Бывает, что нипочем не можешь вспомнить, как это было. Я все думаю — когда же Стрэдлейтер вернулся со свидания с Джейн? Понимаете, я никак не вспомню, что я делал, когда вдруг услышал его шаги в коридоре, наглые, громкие. Наверно, я все еще смотрел в окно, но вспомнить точно не могу, хоть убей. Ужасно я волновался, потому и не могу вспомнить, как было. А уж если я волнуюсь, так это не притворство. Мне даже хочется в уборную, когда я волнуюсь. Но я не иду. Волнуюсь, оттого и не иду. Если бы вы знали Стрэдлейтера, вы бы тоже волновались. Я раза два ходил вместе с этим подлецом на свидания. Я знаю, про что говорю. У него совести нет ни капли, ей-богу, нет.

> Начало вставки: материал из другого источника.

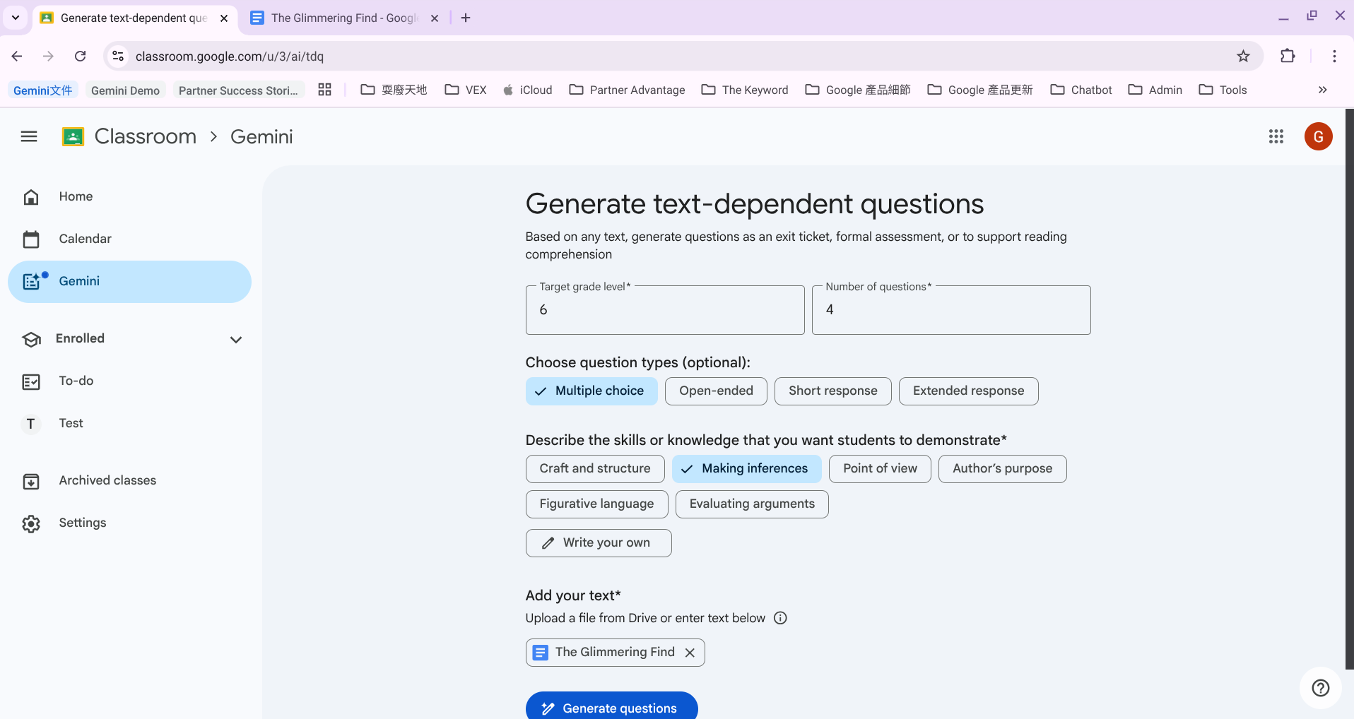 回到先前的頁面,點擊 Generate text-dependent questions 製作閱讀測驗。接著點選適用年級、問題數量、題型、問題取向(例如依照文意做預測、文章觀點分析、文章修辭),最後貼上文章內容或是從雲端硬碟匯入我們剛剛製作好的故事內容。

А в коридоре у нас — сплошной линолеум, так что издали было слышно, как он, мерзавец, подходит к нашей комнате. Я даже не помню, где я сидел, когда он вошел, — в своем кресле, или у окна, или в его кресле. Честное слово, не могу вспомнить.
Он вошел и сразу стал жаловаться, какой холод. Потом спрашивает:
— Куда к черту все пропали? Ни живой души — форменный морг.

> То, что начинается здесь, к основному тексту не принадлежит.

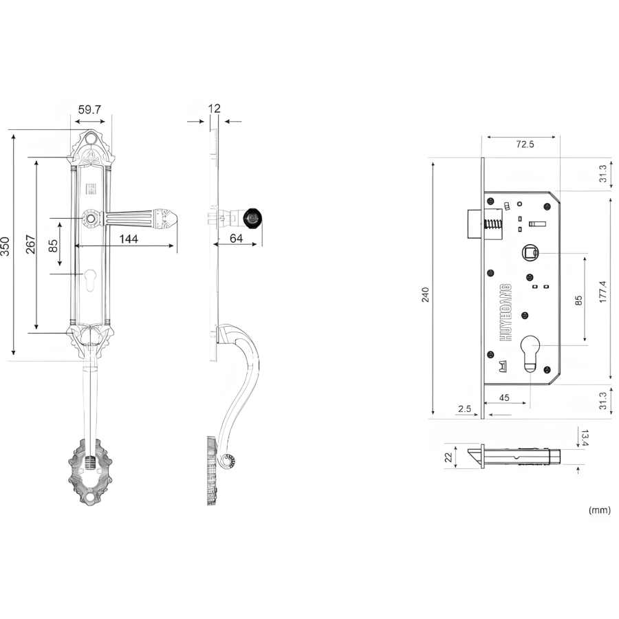Bản vẽ kỹ thuật Khóa Tay Nắm Huy Hoàng TNHCP8526DS

Я ему и не подумал отвечать. Если он, болван, не понимает, что в субботу вечером все ушли, или спят, или уехали к родным, чего ради мне лезть вон из кожи объяснять ему. Он стал раздеваться. А про Джейн — ни слова. Ни единого словечка. И я молчу. Только смотрю на него. Правда, он меня поблагодарил за куртку. Надел ее на плечики и повесил в шкаф.
А когда он развязывал галстук, спросил меня, написал ли я за него это дурацкое сочинение. Я сказал, что вон оно, на его собственной кровати. Он подошел и стал читать, пока расстегивал рубаху. Стоит читает, а сам гладит себя по голой груди с самым идиотским выражением лица. Вечно он гладил себя то по груди, то по животу. Он себя просто обожал.
И вдруг говорит:
— Что за чертовщина, Холден? Тут про какую-то дурацкую рукавицу!

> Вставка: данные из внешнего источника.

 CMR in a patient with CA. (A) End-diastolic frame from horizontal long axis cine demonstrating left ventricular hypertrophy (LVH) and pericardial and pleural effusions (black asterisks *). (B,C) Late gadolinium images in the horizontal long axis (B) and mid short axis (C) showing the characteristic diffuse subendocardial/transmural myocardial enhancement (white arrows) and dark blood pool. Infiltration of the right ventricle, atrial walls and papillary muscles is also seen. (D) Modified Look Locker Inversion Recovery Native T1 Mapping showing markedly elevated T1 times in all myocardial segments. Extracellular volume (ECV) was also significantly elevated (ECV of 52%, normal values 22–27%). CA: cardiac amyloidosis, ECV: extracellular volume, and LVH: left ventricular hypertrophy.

— Ну так что же? — спрашиваю я. Ледяным голосом.
— То есть как это — что же? Я же тебе говорил, надо описать комнату или дом, балда!
— Ты сказал, нужно какое-нибудь описание. Не все ли равно, что описывать — рукавицу или еще что?
— Эх, черт бы тебя подрал! — Он разозлился не на шутку. Просто рассвирепел. — Все ты делаешь через ж… кувырком. — Тут он посмотрел на меня. — Ничего удивительного, что тебя отсюда выкинули, — говорит. — Никогда ты ничего не сделаешь по-человечески. Никогда! Понял?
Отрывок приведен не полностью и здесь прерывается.